ドッグランなどで、走り回っている犬の中で、フセをしていませんか。

フセはとても強いカーミングシグナルです。

犬は、走り回っていると興奮し、自分では抑えられなくなってしまうことがあります。

このような時に、相手の犬はフセをし「落ち着いて」というメッセージを出すことで、興奮している犬は落ち着くことができます。

また、自分の喜びを抑え、自分を落ち着かせようとするときにもよく見られるシグナルです。

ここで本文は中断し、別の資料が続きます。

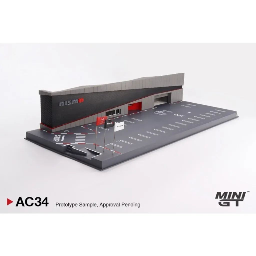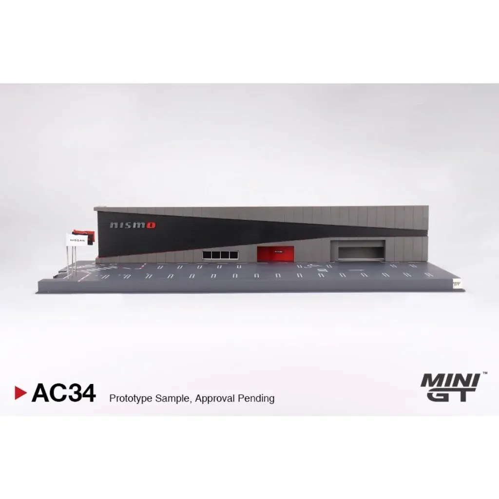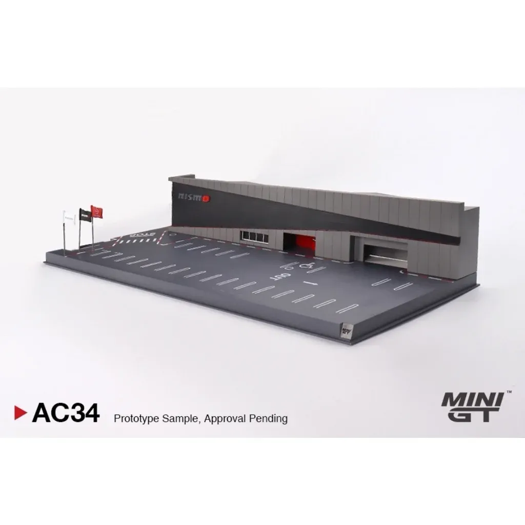 Dioramat består av en stor parkeringsyta och en garagebyggnad, Nissan Motorsports & Customizing Co., Ltd. Nismo Operation.
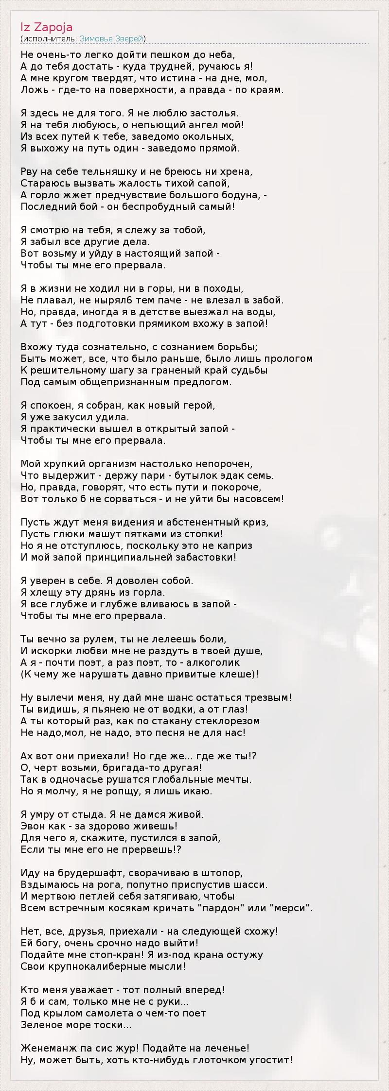 А как ты думаешь, о чем песня "Iz Zapoja" ?

ごはんの前や家族が帰ってくるときに、喜びながらフセの姿勢をとったりします。


8.カーブを描くように歩く

お散歩中、他の犬とすれ違う時に、犬がカーブを描いてゆっくりと歩いていませんか。

これは「敵意はないよ」と表すカーミングシグナルで、犬同士の挨拶にもなります。

つまり、私たち人間も犬とすれ違う時は、ジーッと見ずに、横を向いてカーブを描くようにすれ違うことで、犬と挨拶をすることができます。

そうすることによって、相手も同じようにしてくれたり、まばたきを返してくれたりとコミュニケーションをとることができます。

カーミングシグナルで愛犬とコミュニケーションをとろう

犬を観察していると、たくさんのシグナルを出しています。

犬が人間をよく観察するように、人間も犬を観察してみてはいかがでしょうか。

カーミングシグナルを理解することで、犬の気持ちがわかります。

そして、そこで満足するのではなく、シグナルの原因となるものを取り除いてあげたり、あなた自身もカーミングシグナルを出してみて下さい。

そうすることで、犬と会話をしているような間隔に陥るでしょう。

大好きな犬とのコミュニケーションを楽しんで下さい。